Sin embargo, el lenguaje no se ha convertido en algo del todo impotente. Detenta, de ahora en adelante, nuevos poderes que le son propios. En la segunda parte de la novela, Don Quijote encuentra personajes que han leído la primera parte del texto y que lo reconocen, a él, el hombre real, como el héroe del libro. El texto de Cervantes se repliega sobre sí mismo, se hunde en su propio espesor y se convierte en objeto de su propio relato para sí mismo. La primera parte de las aventuras desempeña en la segunda el papel que asumieron al principio las novelas de caballería. Don Quijote debe ser fiel a este libro en el que, de hecho, se ha convertido; debe protegerlo centra los errores, las falsificaciones, las continuaciones apócrifas; debe añadir los detalles omitidos, debe mantener su verdad. Pero el propio Don Quijote no ha leído este libro y no podrá hacerlo, puesto que es él en carne y hueso. Él, que a fuerza de leer libros, se había convertido en un signo errante en un mundo que no lo reconoce, se ha convertido ahora, a pesar de sí mismo y sin saberlo, en un libro que detenta su verdad, recoge exactamente todo lo que él ha hecho, dicho, visto y pensado y permite, en última instancia, que se le reconozca en la medida en que se asemeja a todos estos signos que ha dejado tras sí como un surco imborrable.
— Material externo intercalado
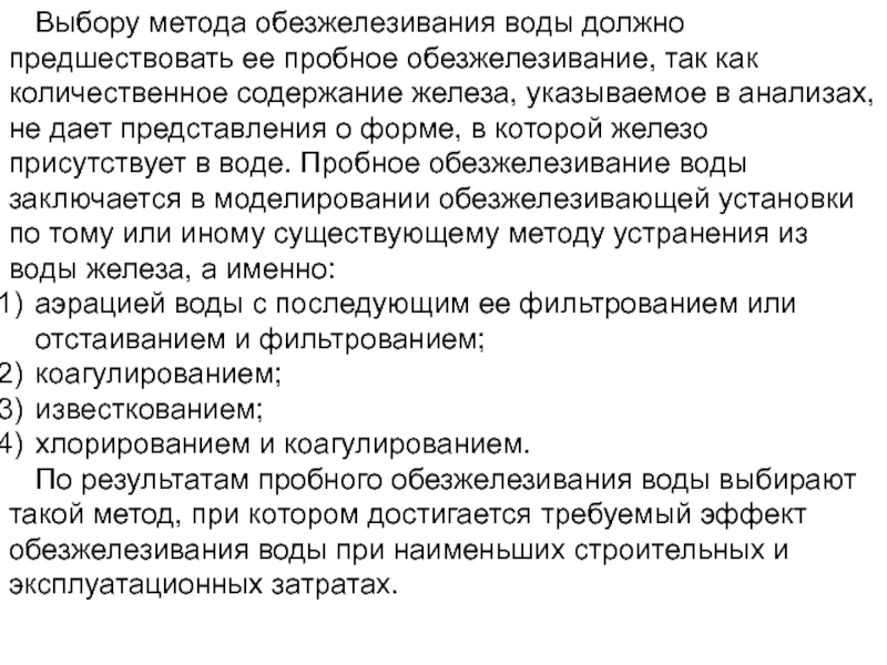 Слайд 14Выбору метода обезжелезивания воды должно предшествовать ее пробное обезжелезивание, так как

Entre la primera y la segunda partes de la novela, en el intersticio de estos dos volúmenes y por su solo poder, Don Quijote ha tomado su realidad. Realidad que sólo debe al lenguaje y que permanece por completo en el interior de las palabras. La verdad de Don Quijote no está en la relación de las palabras con el mundo, sino en esta tenue y constante relación que las marcas verbales tejen entre ellas mismas. La ficción frustrada de las epopeyas se ha convertido en el poder representativo del lenguaje. Las palabras se encierran de nuevo en su naturaleza de signos.

Don
Quijote
es la primera de las obras modernas, ya que se ve en ella la razón cruel de las identidades y de las diferencias juguetear al infinito con los signos y las similitudes; porque en ella el lenguaje rompe su viejo parentesco con las cosas para penetrar en esta soberanía solitaria de la que ya no saldrá, en su ser abrupto, sino convertido en literatura; porque la semejanza entra allí en una época que es para ella la de la sinrazón y de la imaginación. Una vez desatados la similitud y los signos, pueden constituirse dos experiencias y dos personajes pueden aparecer frente a frente. El loco, entendido no como enfermo, sino como desviación constituida y sustentada, como función cultural indispensable, se ha convertido, en la cultura occidental, en el hombre de las semejanzas salvajes. Este personaje, tal como es dibujado en las novelas o en el teatro de la época barroca y tal como se fue institucionalizando poco a poco hasta llegar a la psiquiatría del siglo xix, es el que se ha
enajenado
dentro de la
analogía
. Es el jugador sin regla de lo Mismo y de lo Otro. Toma las cosas por lo que no son y unas personas por otras; ignora a sus amigos, reconoce a los extraños; cree desenmascarar e impone una máscara. Invierte todos los valores y todas las proporciones porque en cada momento cree descifrar los signos: para él, los oropeles hacen un rey. Dentro de la percepción cultural que se ha tenido del loco hasta fines del siglo xviii, sólo es el Diferente en la medida en que no conoce la Diferencia; por todas partes ve únicamente semejanzas y signos de la semejanza; para él todos los signos se asemejan y todas las semejanzas valen como signos. En el otro extremo del espacio cultural, pero muy cercano por su simetría, el poeta es el que, por debajo de las diferencias nombradas y cotidianamente previstas, reencuentra los parentescos huidizos de las cosas, sus similitudes dispersas. Bajo los signos establecidos, y a pesar de ellos, oye otro discurso, más profundo, que recuerda el tiempo en el que las palabras centelleaban en la semejanza universal de las cosas: la Soberanía de lo Mismo, tan difícil de enunciar, borra en su lenguaje la distinción de los signos.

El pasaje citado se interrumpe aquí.